Brasswoods restaurant in St. Helena has found an interesting angle, bridging the worlds of wine and food. In 2016 the owners, Edwin and Stacia Williams, hired Marcus Marquez, former general manager at Goose & Gander in St. Helena, to reimagine an ailing complex that included a winery, mall, bakery and restaurant. Marquez rebranded the site, brought in the crew from the closed St. Helena Restaurant Tra Vigne (who brought with them a collection of local customers, too) and went about transforming the location into a hub for food and wine.
“We have 26 custom-crush clients at the winery and also serve their wines here at the restaurant — It’s a win-win,” Marquez said. “We also invest in our people — we have a 401(k) program and we support training and education. What the young people want to know is, ‘Where is this going in five years?’ They are concerned about working toward something meaningful, not just receiving a paycheck.”
In what seems less about food and more about an eco-focused experience, St. Helena’s Farmstead has grown into what amounts to a small village with gardens, indoor and outdoor dining, a coffeehouse and open spaces for events such as movies, music and discussions that are held right alongside people enjoying dinner. Every restaurant in the Napa Valley can’t afford such a vision, but all restaurateurs can learn something by observing how customers and staff interact with this unique environment.
Solutions to the staffing crisis remain elusive
There are generally three camps when it comes to the staffing crisis within the Napa Valley: grow, shrink or change (or some combination of these). For example, there are those who believe that if we put the brakes on what has been significant growth we’d be able to catch our breath and find some equilibrium. Some believe that we can just grow our way out of the problem, adding even more wineries, restaurants and attractions. Nearly everyone points to adding more low-cost housing (e.g., local measures to raise the hotel tax on the Nov. 6 ballot) yet most communities are finding pushback from the neighbors when plans actually surface.

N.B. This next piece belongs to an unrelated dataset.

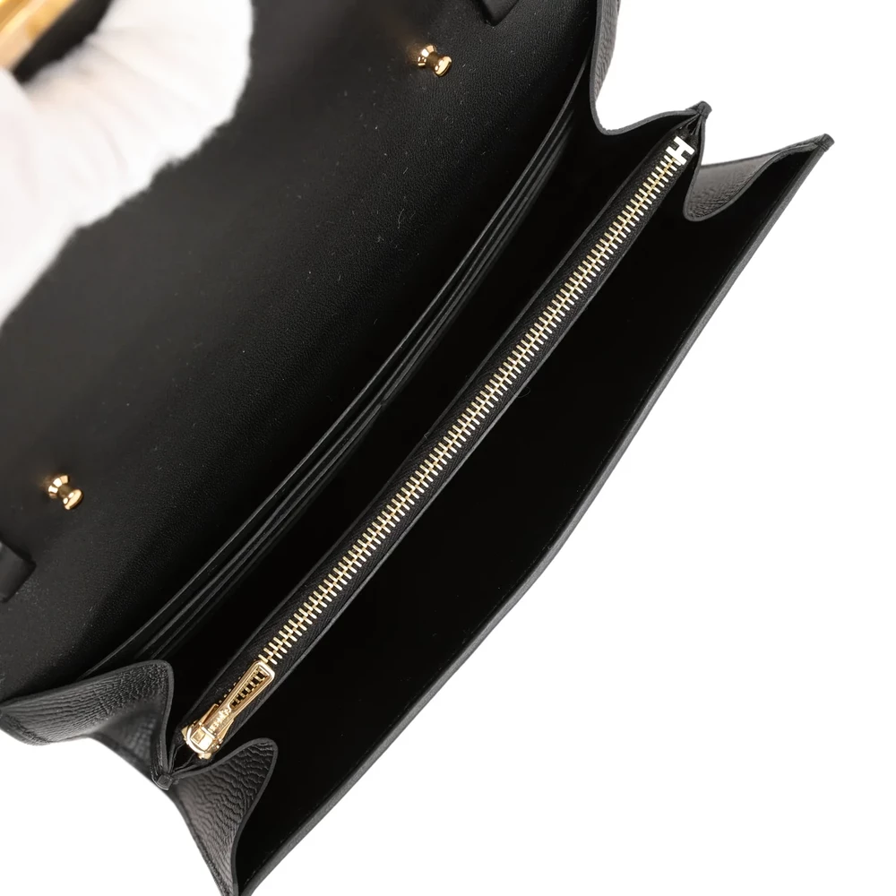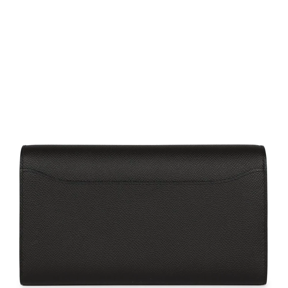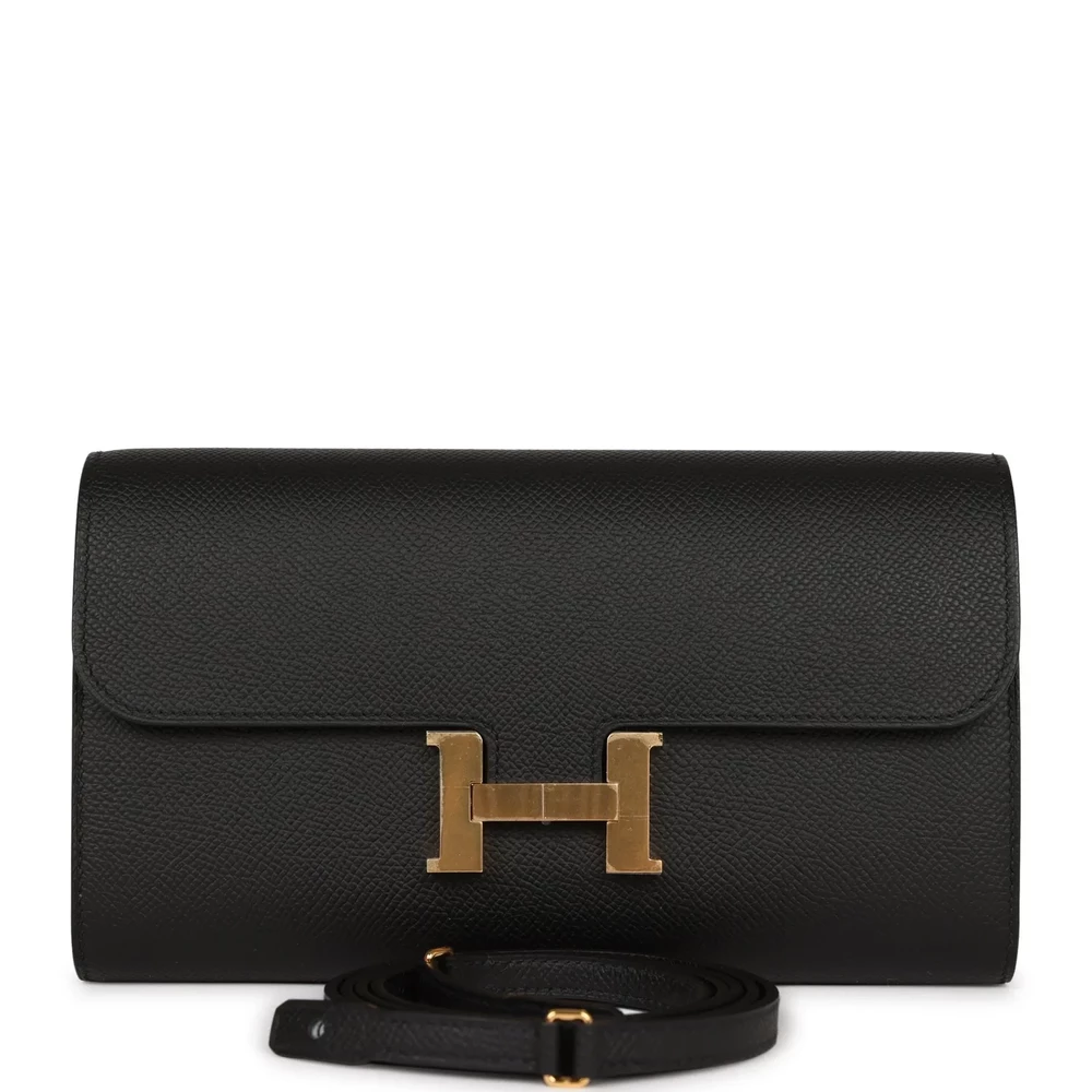 This Hermès Constance Wallet To Go in Black Epsom leather is a refined and versatile accessory. The structured Epsom leather enhances its durability, ensuring a polished appearance over time. The deep black shade is beautifully accented by warm gold hardware, adding a touch of timeless elegance. With a detachable strap, it transitions effortlessly between crossbody and clutch wear. A perfect balance of practicality and sophistication, this wallet is a must-have for any collection.

There are those who believe technology and switching to “fast-casual” or self-service models will fix the problem. However, without innovative chefs and high-quality food-service professionals the highly regarded Napa Valley food culture will diminish.
One solution might be staring the Napa Valley in the face. St. Helena’s Culinary Institute of America at Greystone graduates roughly 60 young, highly motivated and well-trained culinarians every three months. Yet nearly all of them leave the area, mostly because they can’t find an affordable place to live. What if the Napa Valley community came together and found a solution to help keep them around?
Calistoga and Napa are attempting such action, but given the pushback in St. Helena when such a solution was presented to the community it might be tough. In the short term, if I owned a restaurant in the valley I’d be courting these graduates and others like them as if my success depended on it.